▶ **Action item**: The entries that follow need to be printed exactly as they are, minus any pictures.

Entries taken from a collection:
# # # #
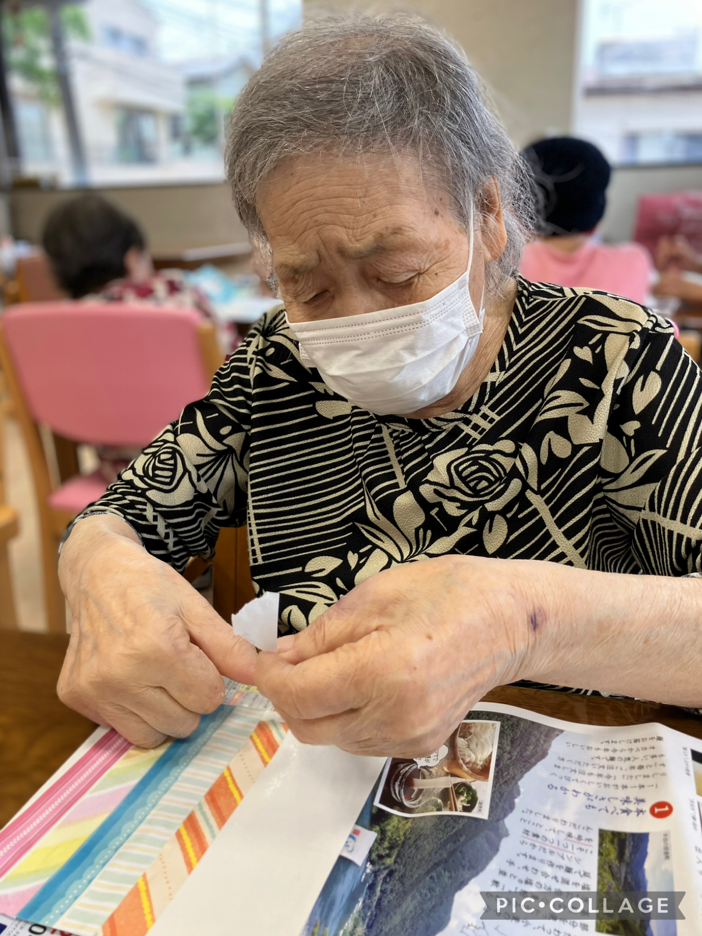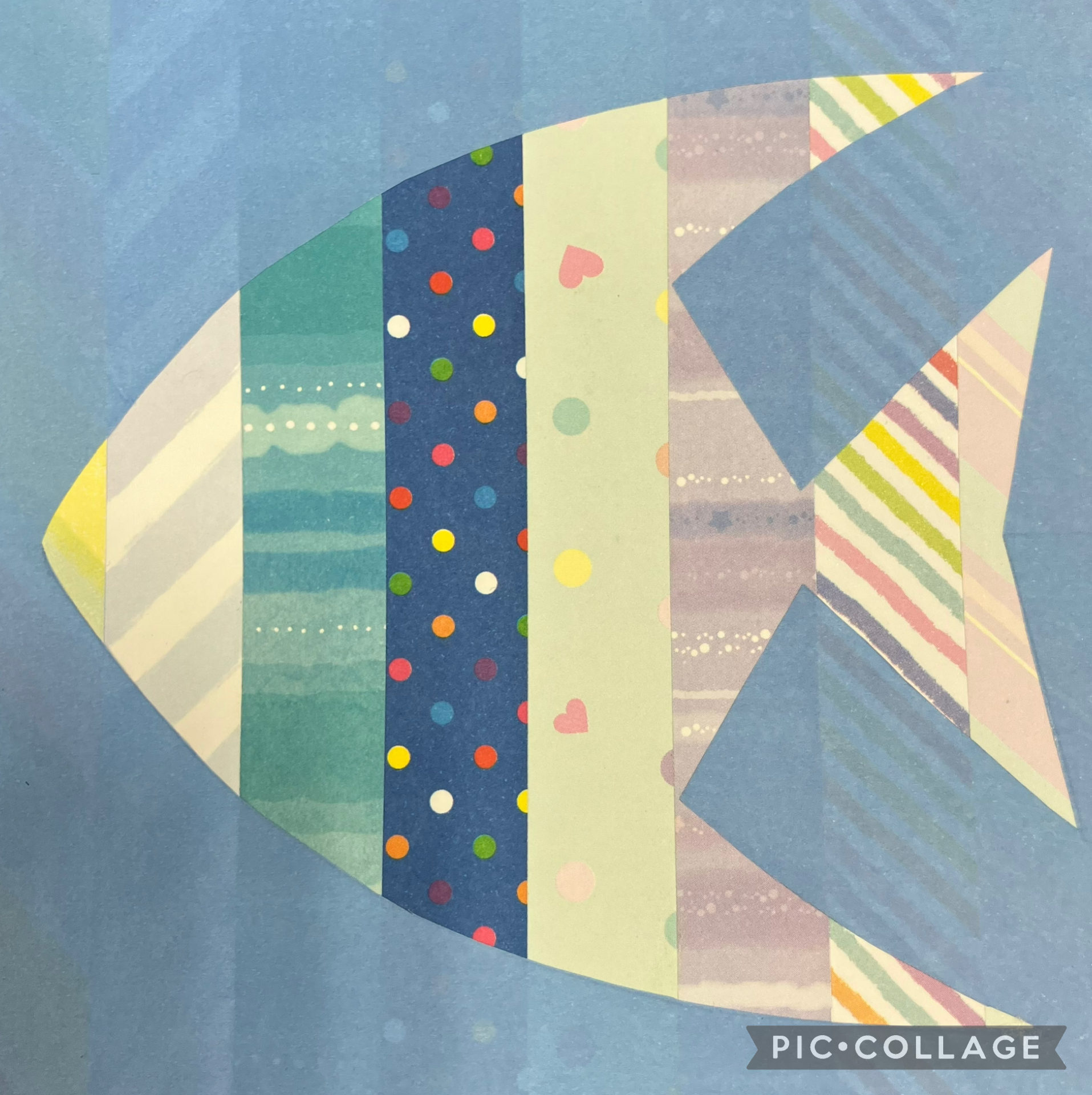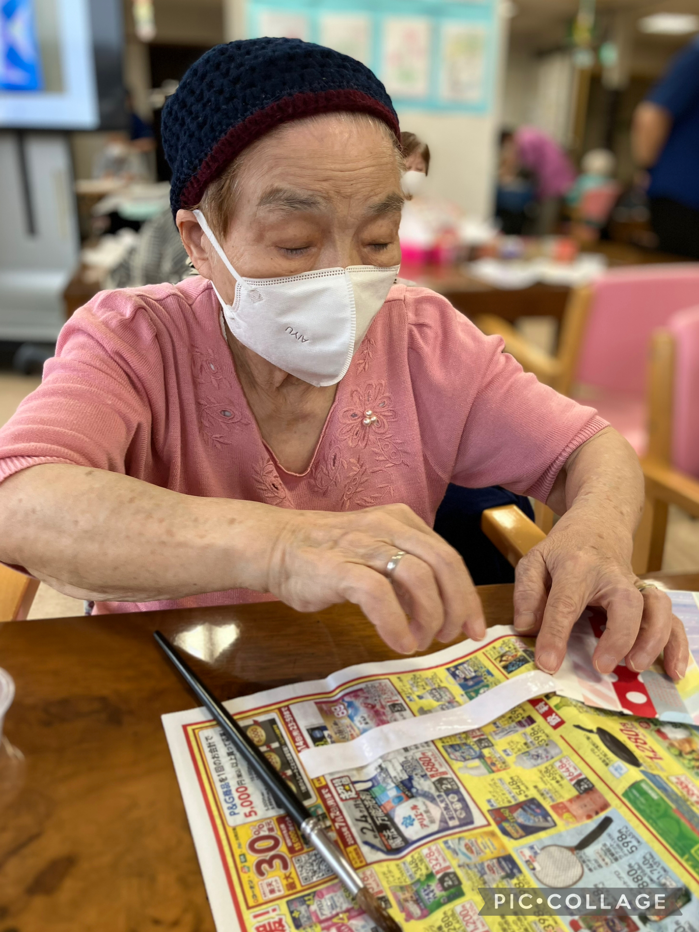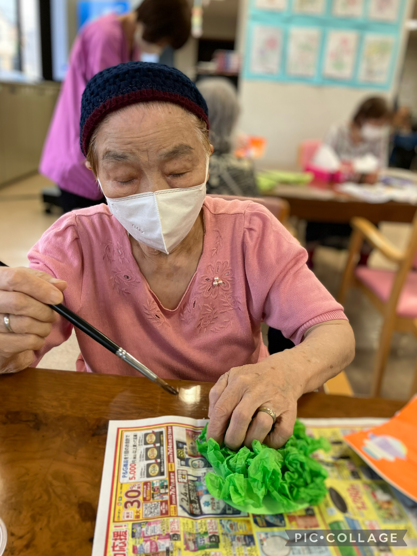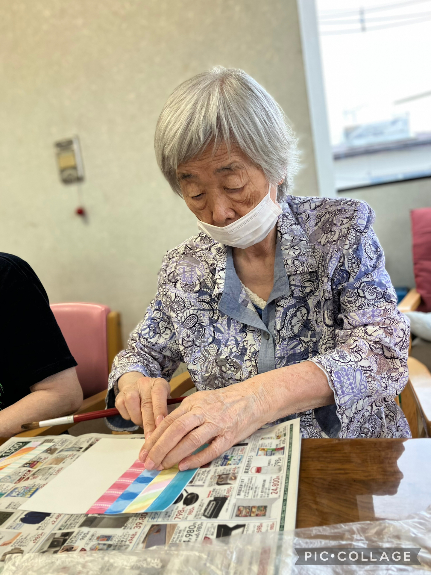 7月の壁画の熱帯魚や水草を皆さんで作っている様子です!
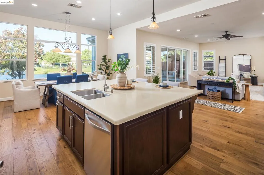 Better than new & beautifully upgraded throughout! This stunning single-story 4 bed / 3.5 bath home offers 3,125 sq ft of exceptional living space on an 11,086 sq ft premium lakefront lot in Oakley’s highly desirable Summer Lake community. Step inside to wide-plank hardwood floors, soaring ceilings, & an open-concept layout filled with natural light. The chef’s kitchen features a quartz island, granite countertops, stainless steel appliances, and rich espresso cabinetry—flowing seamlessly into a spacious great room, perfect for entertaining. Enjoy indoor-outdoor living year-round in the covered California room with peaceful lake views. Just steps from your backyard, enjoy your own private dock—perfect for launching a kayak or paddleboard and soaking in the beauty of the 25-acre lake. The expansive primary suite offers room for a sitting area or workout space, tranquil water views, a generous walk-in closet, and a spa-like bath with soaking tub, separate shower, and dual vanities. Additional highlights include a junior suite plus a flex room with French doors—ideal as an office, den, or optional 5th bedroom. Resort-style community amenities include a 75-ft pool, clubhouse, tennis courts, sports fields, parks, & scenic trails. Lakeside luxury with unbeatable space, and style!
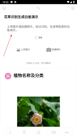 4、在花草识别生成白板演示界面,通过上传图片或拍摄照片上传花草图片,经识别后,可生成带配音的白板演示内容。
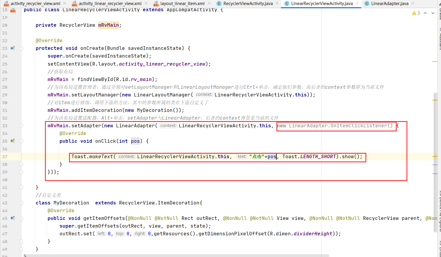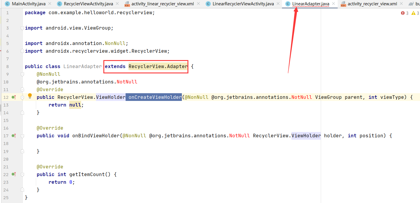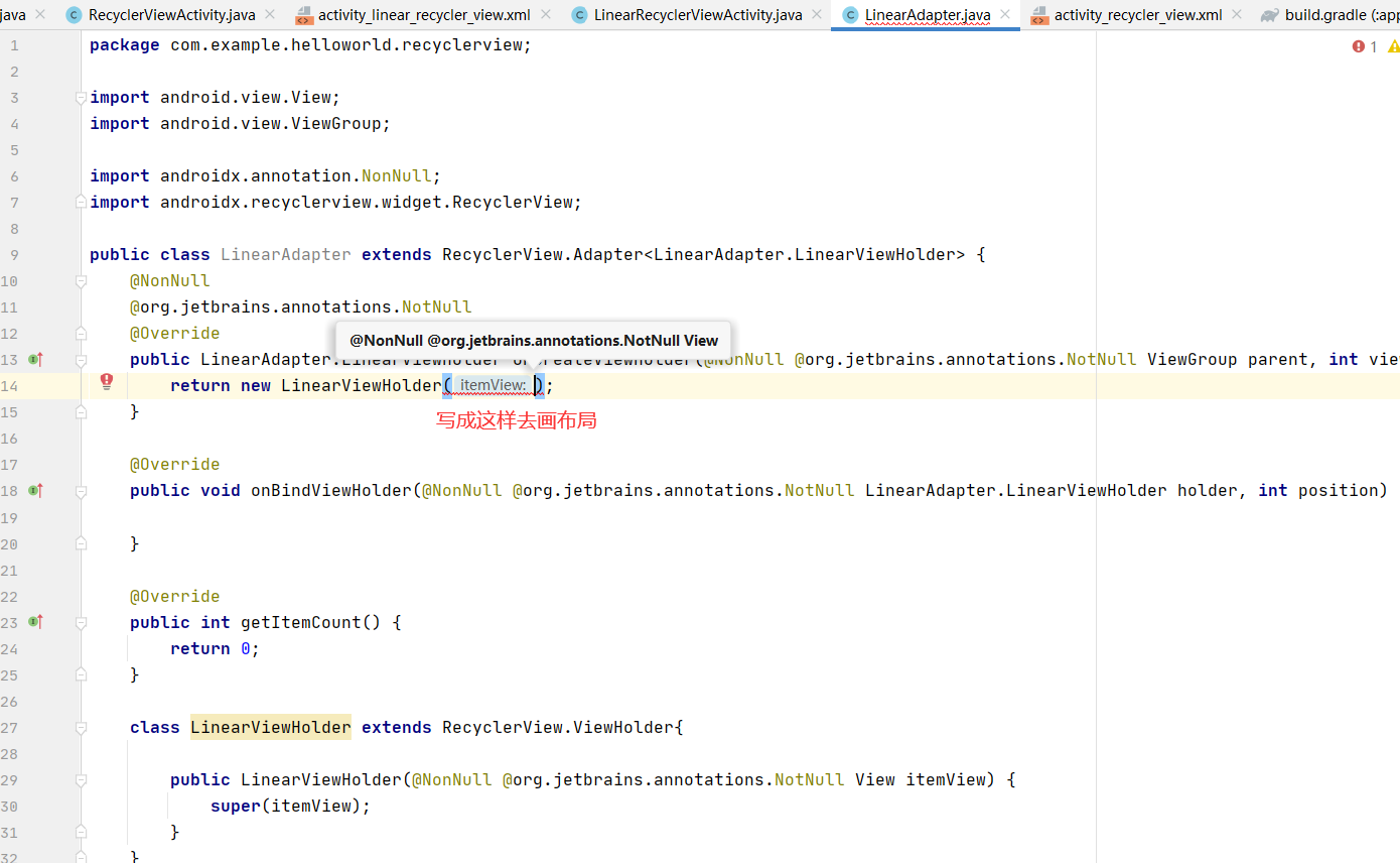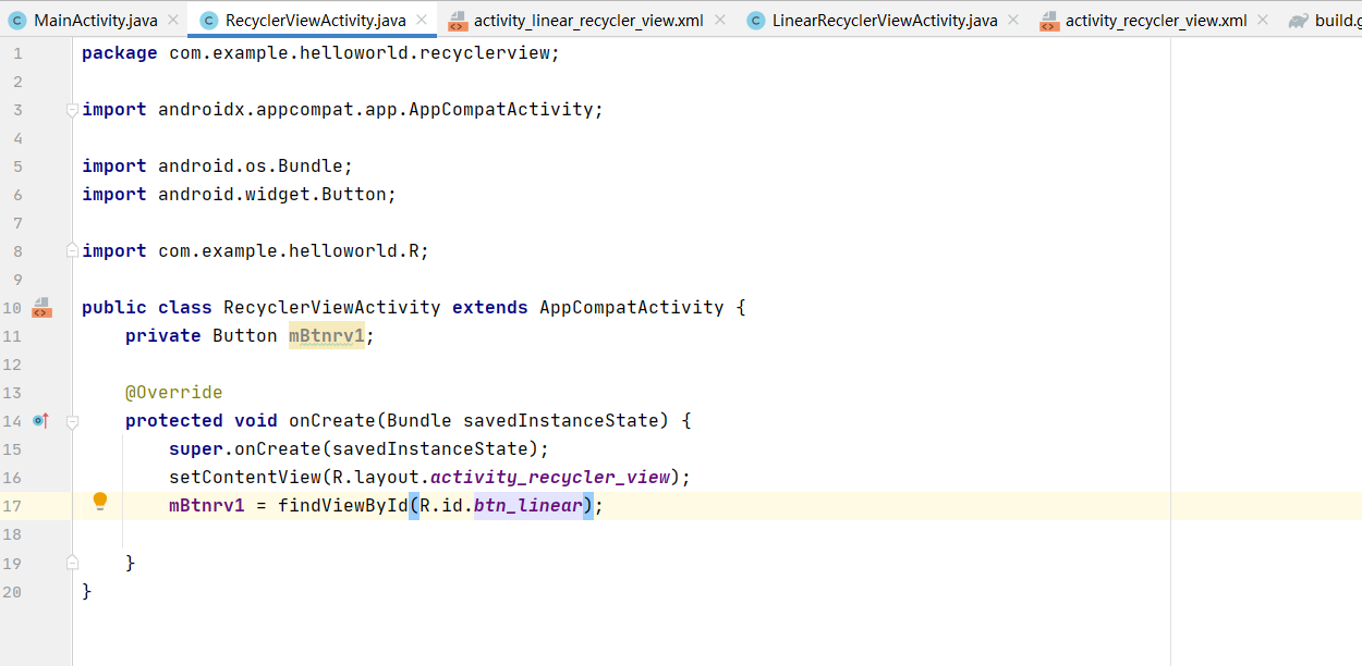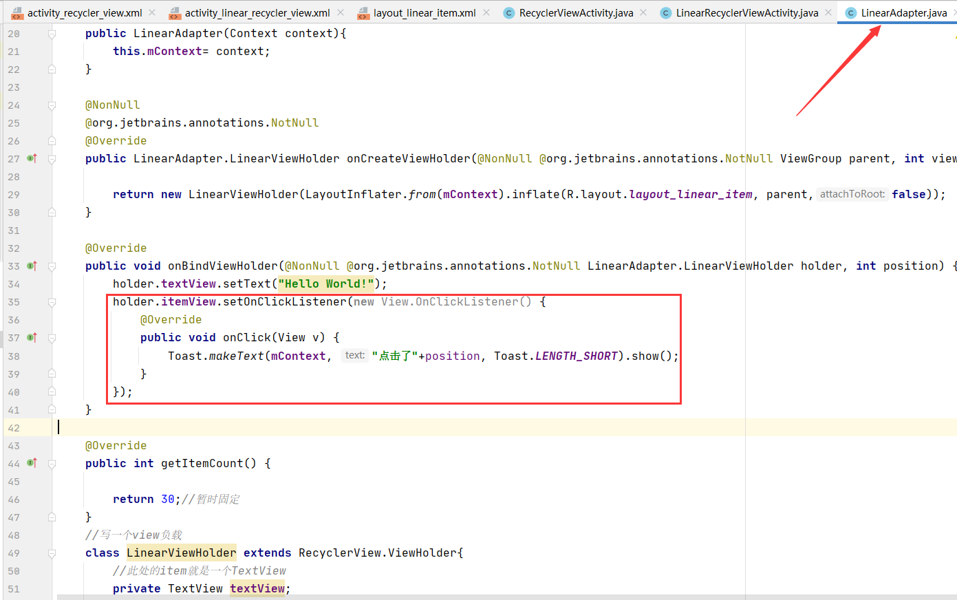 然后回到 LinearRecyclerViewActivity 继续编辑
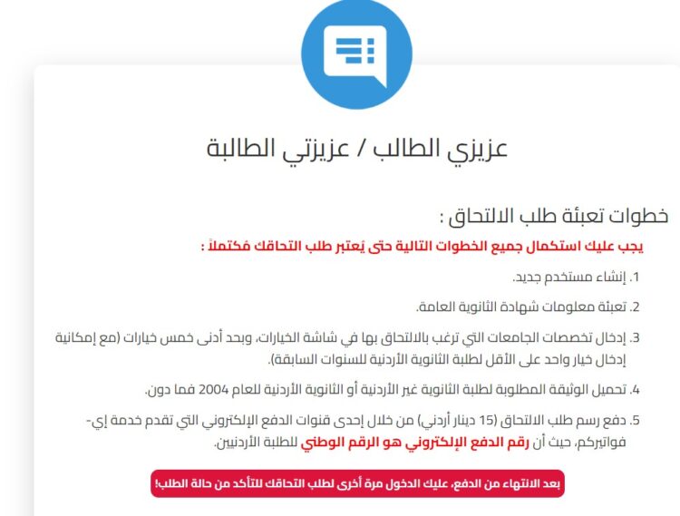صدى الشعب – بدأت عن الساعة 11 و 12 دقيقة الأربعاء، عملية تقديم طلبات الالتحاق الإلكترونية في الجامعات الأردنية الرسمية لمرحلة البكالوريوس، والتي تستمر حتى الساعة الثانيـة عشرة ليلا من يوم الأربعاء الموافق 21 آب الحالي، من خلال الموقع الإلكتروني للوحدة/ قسم مرحلة البكالوريوس.
# # # #
▶ **Response to the task**:
 7月の壁画の熱帯魚や水草を皆さんで作っている様子です!
 Better than new & beautifully upgraded throughout! This stunning single-story 4 bed / 3.5 bath home offers 3,125 sq ft of exceptional living space on an 11,086 sq ft premium lakefront lot in Oakley’s highly desirable Summer Lake community. Step inside to wide-plank hardwood floors, soaring ceilings, & an open-concept layout filled with natural light. The chef’s kitchen features a quartz island, granite countertops, stainless steel appliances, and rich espresso cabinetry—flowing seamlessly into a spacious great room, perfect for entertaining. Enjoy indoor-outdoor living year-round in the covered California room with peaceful lake views. Just steps from your backyard, enjoy your own private dock—perfect for launching a kayak or paddleboard and soaking in the beauty of the 25-acre lake. The expansive primary suite offers room for a sitting area or workout space, tranquil water views, a generous walk-in closet, and a spa-like bath with soaking tub, separate shower, and dual vanities. Additional highlights include a junior suite plus a flex room with French doors—ideal as an office, den, or optional 5th bedroom. Resort-style community amenities include a 75-ft pool, clubhouse, tennis courts, sports fields, parks, & scenic trails. Lakeside luxury with unbeatable space, and style!
 4、在花草识别生成白板演示界面,通过上传图片或拍摄照片上传花草图片,经识别后,可生成带配音的白板演示内容。
 然后回到 LinearRecyclerViewActivity 继续编辑
صدى الشعب – بدأت عن الساعة 11 و 12 دقيقة الأربعاء، عملية تقديم طلبات الالتحاق الإلكترونية في الجامعات الأردنية الرسمية لمرحلة البكالوريوس، والتي تستمر حتى الساعة الثانيـة عشرة ليلا من يوم الأربعاء الموافق 21 آب الحالي، من خلال الموقع الإلكتروني للوحدة/ قسم مرحلة البكالوريوس.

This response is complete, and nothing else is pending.